I am puzzled by Potter's claim that Skolem arithmetic (just multiplication over the naturals) is finitely axiomatizable. Cegielski (1981) firmly asserts otherwise.

This is a superb book, but it has a very specific audience. It is a careful, systematic, investigation of the extent to which the methods of set theory can be used to address philosophical questions. So the audience needs to both be comfortable with the formal presentation of mathematical theories, and to know the issues in the philosophy of mathematics. If you lack the philosophical part, you'll wonder why Potter doesn't just use ZF, and why he keeps being drawn off into various topics along the way. If you lack the mathematical part, you'll find the book hard to understand, although it is extremely systematic. (If you don't know what ZF is, for example, I'd advise starting with some other book.)

Having said that, Potter goes out of his way to present matters clearly and explicitly. Readers who don't exactly fit the audience will learn an enormous amount from this book. Moreover, it is so clear and authoritative, and covers so much ground, that it deserves to be in the canon. It ought to displace Quine's Set Theory and its Logic, for example.

ZU is Potter's set theory (76). It is spare, and very powerful. I believe Potter is trying to capture as much as he can of Frege's original view of sets as logical objects, although he doesn't say this. ZU allows flocks of doves and packs of wolves to be sets, just as it intuitively ought to, but it can also capture the real and transfinite numbers. The book divides into four parts. First, there is the presentation of ZU and its properties. Then we get the usual development of the real numbers. The third section deals with ordinals and cardinals, and a fourth section the axiom of choice and the continuum hypothesis.

What sets the book apart, though, is its constant return to the history of its subject and the philosophical issues that have been embroiled in it up to the present. You can look through the book at any issue that interests you - Russell's paradox, non-standard analysis, whether there is some deeper notion of a collection underlying set-theory - and Potter always gives a clear explanation and has something interesting to say about it. With graduate students of sufficient ability, the book would make for a really worthwhile graduate level course in philosophy.

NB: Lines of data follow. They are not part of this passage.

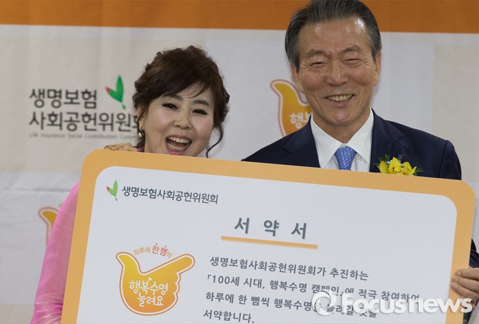 (서울=포커스뉴스) 21일 오전 서울 종로구 센터포인트빌딩에서 열린 '생명보험사회공헌위원회 '100세 시대 행복수명 캠페인' 홍보대사 위촉식에 참석한 가수 이애란(왼쪽)과 이수창 공동위원장이 기념사진을 찍고 있다.
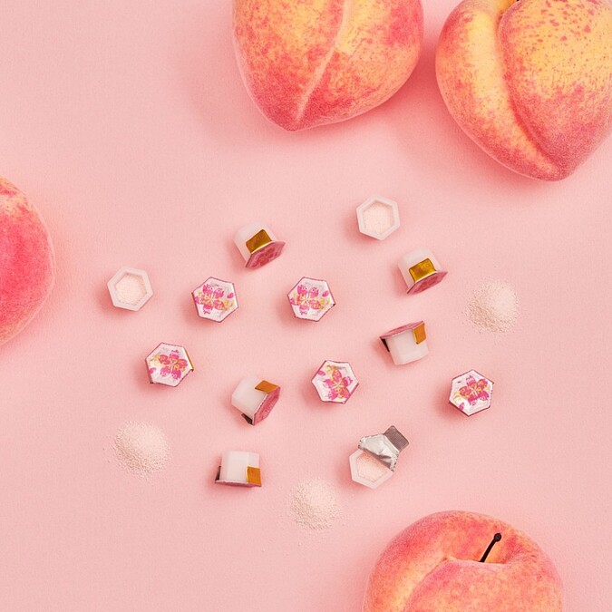 這次還與日本傳統西陣織工藝家「細尾家HOSOO」合作,粉色系外盒靈感來自染井吉野櫻,內管包裝印有 HOSOO 紡織花紋搭配金箔燙印,更顯精緻、淡雅。
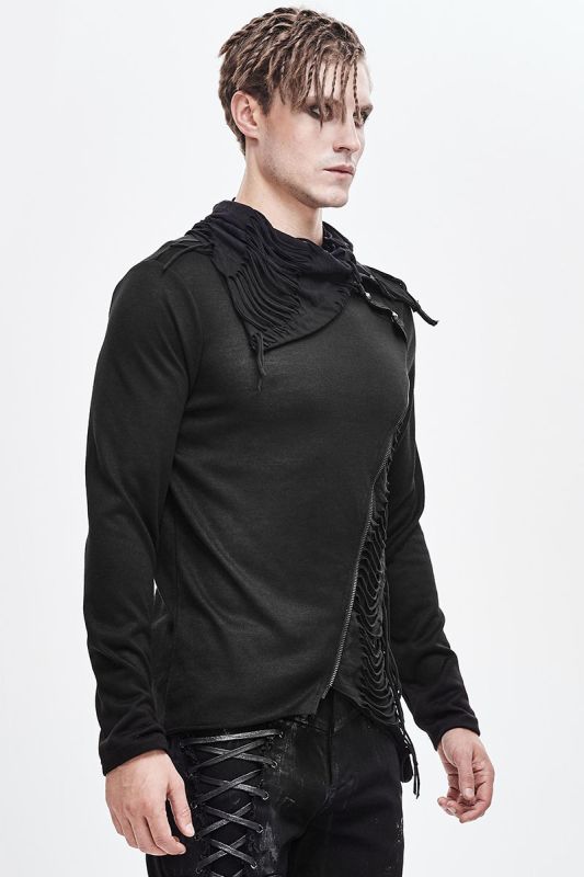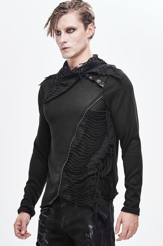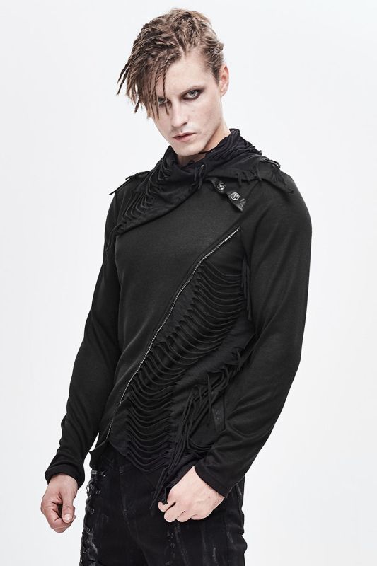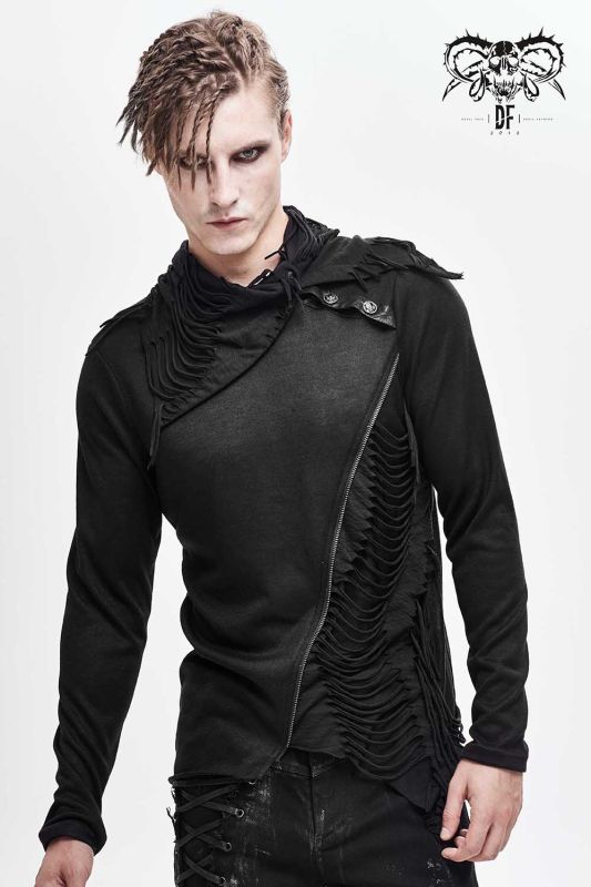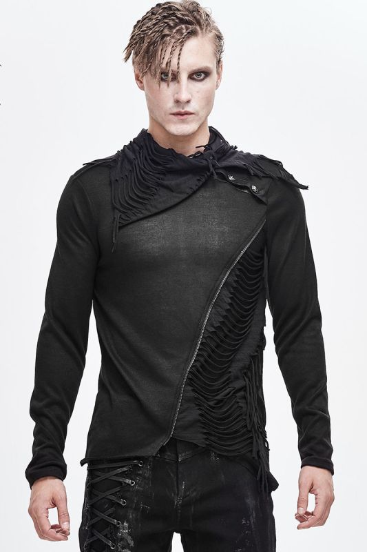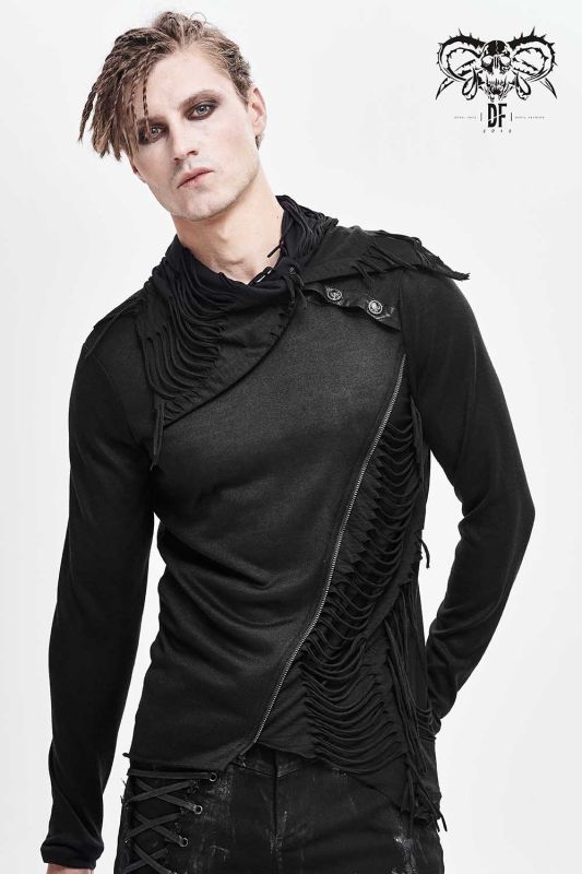 Devil Fashion Floki longsleeve in asymmetrical style with rocky destroyed appliqués and collar

When I'd finished reading it, I wanted to read it again.

I have dropped the book after in(digesting) chapter 3 on hierarchies which amount, via Potter's cryptic style, to a hierarchy of horrors... One has almost to rewrite this chapter i.e. annotate every paragraph...

I finally turned to Suppes's "Axiomatic set theory", which is a little better, although... (see my review).

Why is it that Set Theory seems to count very few true didactically-talented authors of the caliber of Gauss, Hardy, Apostol, Tarski, Coxeter, Courant, Kline, Greenberg (though I don't share his enthousiasm for Potter's book), Russell (except for the Principia, the crowning example of unreadable masterpiece), Quine, Smullyan... ?

I might return to that book, one day, and try once more to overcome its repulsive aspects.